Impact of changing the IPS mode from promiscous to inline mode

Farooq Razzaque · ‎11-21-2015

Dear

We have ASA-5585-X-SSP40, currently the IPS is running in promiscous mode and now we want to change the mode from promiscous mode to inline mode. I want to know is there any impact on the traffic of changing the IPS mode to inline mode. Is there any precautions needs to be taken care while changing the IPS mode to inline mode.

Karsten Iwen · ‎11-21-2015

In inline mode, the sensor can drop traffic if a signature is triggering. If this is a false positive, you can lose "normal" traffic. It's you who knows if this is relevant or not. If you don't have false positives in your environment, then the impact should be low to nonexistent. If you still see false positives in your environment you should first tune your sensor and then change to inline mode.

In addition to that you can use the event action filters to remove all deny-actions before changing to inline mode. When you see that you don't have any relevant false politives, you can remove these filters to protect your network with deny-actions.

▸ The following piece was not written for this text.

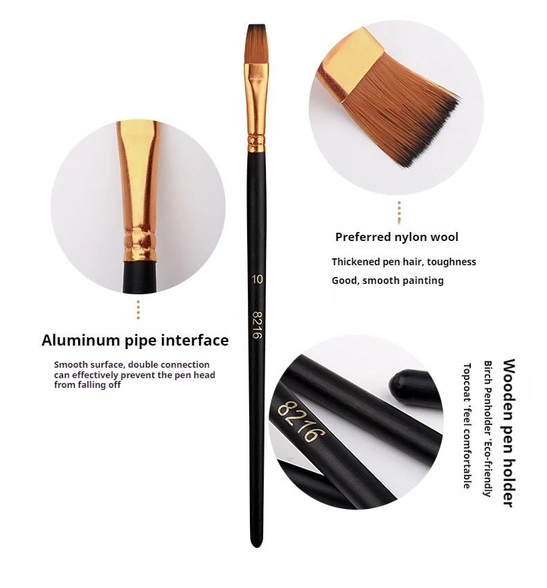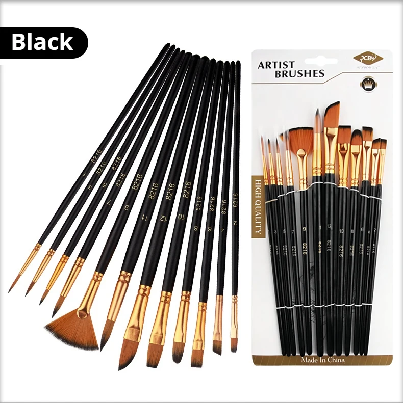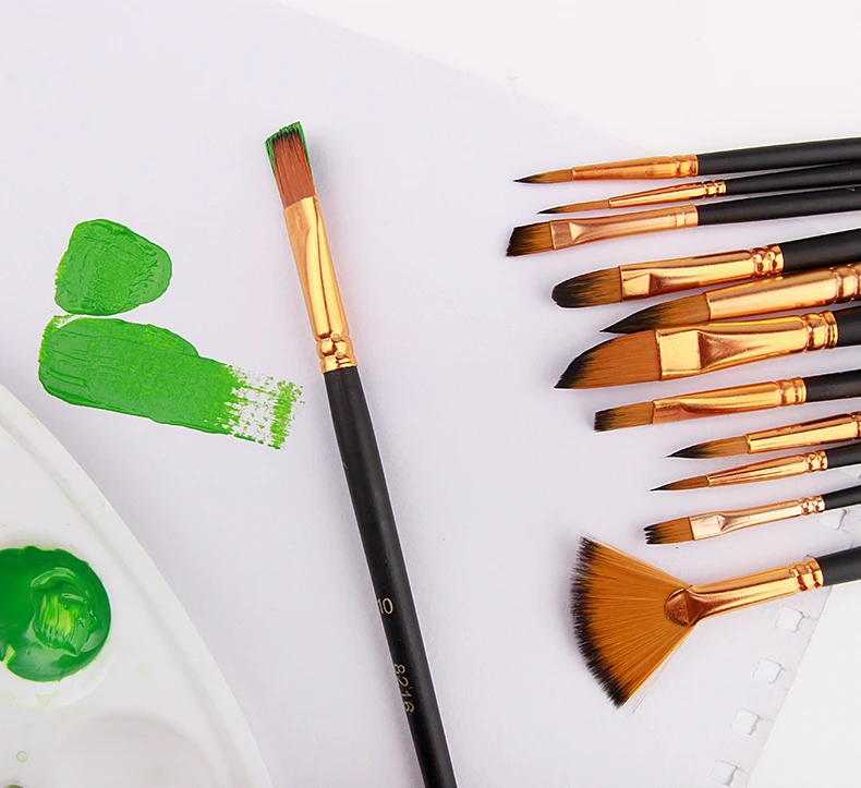 12 PCS Nylon Bristle Brush Set, Nylon Flat Brushes, Watercolor Brushes, Oil Paint, Artists, Amateur Acrylic Painting

Farooq Razzaque · ‎11-22-2015

Dear Karsten,

Thanks for the reply.

Can you please let me know how to use event action filters to remove deny-actions.

And also can you please tell what do you mean by removing deny-actions, do you mean signatures which are configured in blocking mode.

Karsten Iwen · ‎11-22-2015

A signature could have a deny action, but more likely is that there are event-action overrides that add a deny action based on risk rating. Event action filters can remove any action taht you don't want to have.

You should first go through the "Configuring event action rules" of the config guide to learn about how an IPS sensor behaves.